The material below contains a line with "पुराना रंगजी मंदिर, पुष्कर" and a line with "एन सी एफ की". Copy exactly those two lines and all lines between them.

* [Supplied records]:
────
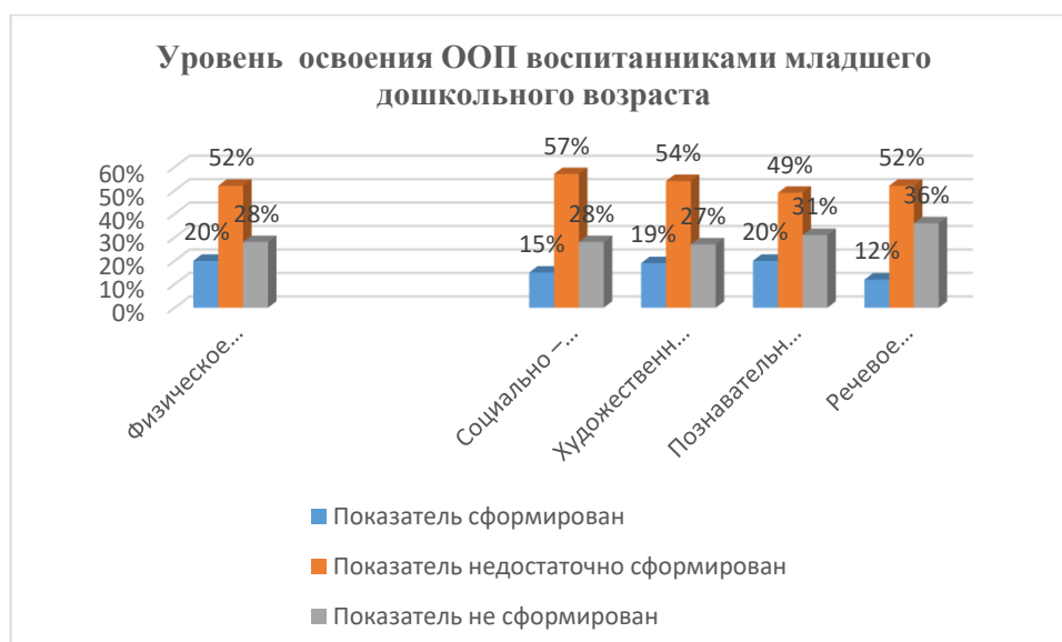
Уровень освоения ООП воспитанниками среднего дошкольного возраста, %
────
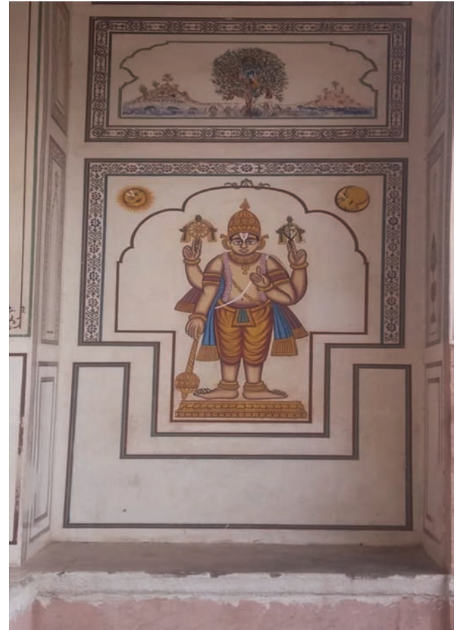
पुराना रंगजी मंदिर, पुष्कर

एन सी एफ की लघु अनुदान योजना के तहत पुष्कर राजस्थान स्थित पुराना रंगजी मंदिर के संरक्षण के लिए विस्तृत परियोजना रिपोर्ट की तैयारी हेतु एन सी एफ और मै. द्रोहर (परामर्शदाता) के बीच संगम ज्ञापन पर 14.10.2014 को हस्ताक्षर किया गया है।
────
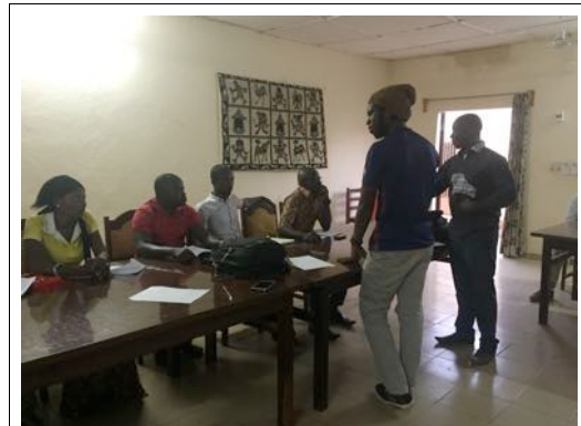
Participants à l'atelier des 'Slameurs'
────
* [Written solution]:
पुराना रंगजी मंदिर, पुष्कर

एन सी एफ की लघु अनुदान योजना के तहत पुष्कर राजस्थान स्थित पुराना रंगजी मंदिर के संरक्षण के लिए विस्तृत परियोजना रिपोर्ट की तैयारी हेतु एन सी एफ और मै. द्रोहर (परामर्शदाता) के बीच संगम ज्ञापन पर 14.10.2014 को हस्ताक्षर किया गया है।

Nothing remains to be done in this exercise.